DERIVATION_TYPE_REGISTRY: dict[str, tuple[callable, str, str]] = {
    # type_name: (derive_function, derived_metric, cdg_xsd_pattern)
    "soundex":         (_derive_soundex,          "exact",         r"[A-Z][0-9]{3}"),
    "year":            (_derive_year,             "exact",         r"[0-9]{4}"),
    "postcode_area":   (_derive_postcode_area,    "levenshtein",   r"[A-Z]{1,2}[0-9][0-9A-Z]?"),
    "sha256":          (_derive_sha256,           "exact",         r"[0-9a-f]{64}"),
    "geohash":         (_derive_geohash,          "geohash_match", r"[0-9a-z]{4,8}"),
    "temporal_bucket": (_derive_temporal_bucket,   "exact",         r"[0-9]{4}(-[0-9]{2})?"),
    "casefold":        (_derive_casefold,         "levenshtein",   r".+"),
    "phonetic":        (_derive_phonetic,         "exact",         r"[A-Z]{1,8}"),
}

Legacy vs Lens-Driven Derivation

Two derivation modes exist for backward compatibility.

Legacy: DERIVATION_RULES (field-name-based)

The original implementation maps field names to derivation functions. This is hardcoded to the VRS screening lens field names.

DERIVATION_RULES: dict[str, callable] = {
    "full_name":      _derive_soundex,
    "date_of_birth":  _derive_year,
    "postcode":       _derive_postcode_area,
    "phone":          _derive_sha256,
    "email":          _derive_sha256,
}

DERIVED_METRICS: dict[str, str] = {
    "full_name":      "exact",
    "date_of_birth":  "exact",
    "postcode":       "levenshtein",
    "phone":          "exact",
    "email":          "exact",
}

Limitation: Only works for fields named exactly full_name, date_of_birth, etc. Cannot be reused for different domains or lenses with different field names.

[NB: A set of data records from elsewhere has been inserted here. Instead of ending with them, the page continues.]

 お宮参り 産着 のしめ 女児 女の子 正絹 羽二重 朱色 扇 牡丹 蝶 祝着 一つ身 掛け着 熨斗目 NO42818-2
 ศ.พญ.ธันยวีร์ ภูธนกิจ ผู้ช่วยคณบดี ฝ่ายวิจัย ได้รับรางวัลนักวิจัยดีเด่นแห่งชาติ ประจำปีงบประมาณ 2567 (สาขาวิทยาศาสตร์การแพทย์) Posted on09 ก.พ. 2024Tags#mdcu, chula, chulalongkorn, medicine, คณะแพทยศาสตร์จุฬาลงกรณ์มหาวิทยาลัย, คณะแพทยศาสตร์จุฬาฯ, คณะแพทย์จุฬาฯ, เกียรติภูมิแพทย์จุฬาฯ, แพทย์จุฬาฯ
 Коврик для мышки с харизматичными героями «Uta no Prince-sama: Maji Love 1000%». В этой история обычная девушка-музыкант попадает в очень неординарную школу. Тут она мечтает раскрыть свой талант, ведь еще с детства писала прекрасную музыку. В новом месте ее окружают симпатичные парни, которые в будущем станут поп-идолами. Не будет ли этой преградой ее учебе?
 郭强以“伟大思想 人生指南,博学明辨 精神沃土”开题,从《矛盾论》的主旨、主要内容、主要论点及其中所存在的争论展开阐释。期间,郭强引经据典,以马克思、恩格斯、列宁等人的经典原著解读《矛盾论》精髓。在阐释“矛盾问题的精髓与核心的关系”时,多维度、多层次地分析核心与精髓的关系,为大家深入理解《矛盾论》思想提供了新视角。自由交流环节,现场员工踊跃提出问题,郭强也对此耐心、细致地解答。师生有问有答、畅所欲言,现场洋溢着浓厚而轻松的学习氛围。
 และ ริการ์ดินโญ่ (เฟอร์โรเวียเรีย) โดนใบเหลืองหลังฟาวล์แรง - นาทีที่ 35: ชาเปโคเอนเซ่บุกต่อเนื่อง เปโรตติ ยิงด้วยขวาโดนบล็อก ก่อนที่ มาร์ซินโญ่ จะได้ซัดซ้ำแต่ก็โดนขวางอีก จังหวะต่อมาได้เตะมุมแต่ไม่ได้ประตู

Lens-Driven: derivation_map parameter

New lenses should pass a derivation_map dict to derive_features() and build_derived_match_function(). The map specifies {field_name: derivation_type} using types from DERIVATION_TYPE_REGISTRY.

derivation_map = {
    "full_name": "casefold",           # override: use casefold instead of soundex
    "date_of_birth": "temporal_bucket", # override: YYYY-MM instead of year-only
    "location": "geohash",             # new field: not in legacy rules
}

Precedence rules for derive_features():

  1. If derivation_map is provided and contains the field: use DERIVATION_TYPE_REGISTRY[derivation_map[field]].
  2. Else if field is in legacy DERIVATION_RULES: use the legacy function.
  3. Else: apply _derive_sha256 as safe default.

Public API

derive_features()

def derive_features(
    records: list[dict],
    match_function: list[dict],
    id_field: str = "local_id",
    derivation_map: dict[str, str] | None = None,
) -> list[dict]:

Transforms raw records into derived feature vectors. Only fields listed in match_function are included. Fields without a derivation rule get SHA-256 hashed. The id_field is preserved as-is (it is a local reference, not PII).

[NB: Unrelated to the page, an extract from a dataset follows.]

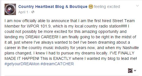 At the end of March I interviewed for a position on the Street Team at my favorite country radio station, WPOR 101.9. Out of over 150 applicants, I managed to score one the coveted spots on the small Street Team representing WPOR and all of it’s sister stations. I worked a couple of events in April, but May was the big month for me when I realized that all of my hard work and dreams were turning into reality. (You can check out the Throwback Thursday post “Tour Bus Hang with Lee Brice” for more on that day!)
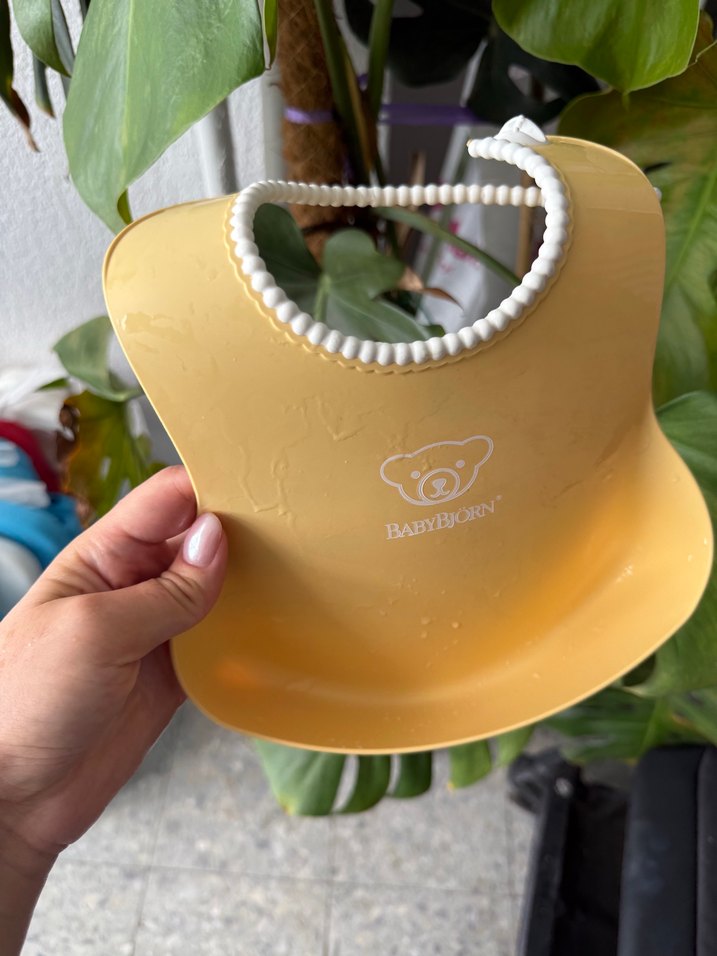 Pastel sarı renkte, baskılı ayıcık desenli bebek önlüğü. Kaydırmaz, esnek yaka kısmı ve döküntüleri yakalayan cep bulunur. Babybjörn marka

Args: - records — raw records with PII field values (post-normalization). - match_function — list of {field, metric, weight} dicts defining which fields to derive. - id_field — record ID field name (default "local_id"). - derivation_map — optional {field_name: derivation_type} from the lens. When provided, uses DERIVATION_TYPE_REGISTRY instead of legacy DERIVATION_RULES.

Returns: list of dicts with {id_field, derived_field_1, derived_field_2, ...}. No extra fields beyond id_field and match function fields.

build_derived_match_function()

def build_derived_match_function(
    match_function: list[dict],
    derivation_map: dict[str, str] | None = None,
) -> list[dict]:

Builds a match function suitable for scoring derived features. Replaces each field's metric with the derived-appropriate metric (e.g., jaro_winkler becomes exact for Soundex codes) while preserving weights.

Args: - match_function — original match function from the lens. - derivation_map — optional lens-driven derivation map for metric lookup.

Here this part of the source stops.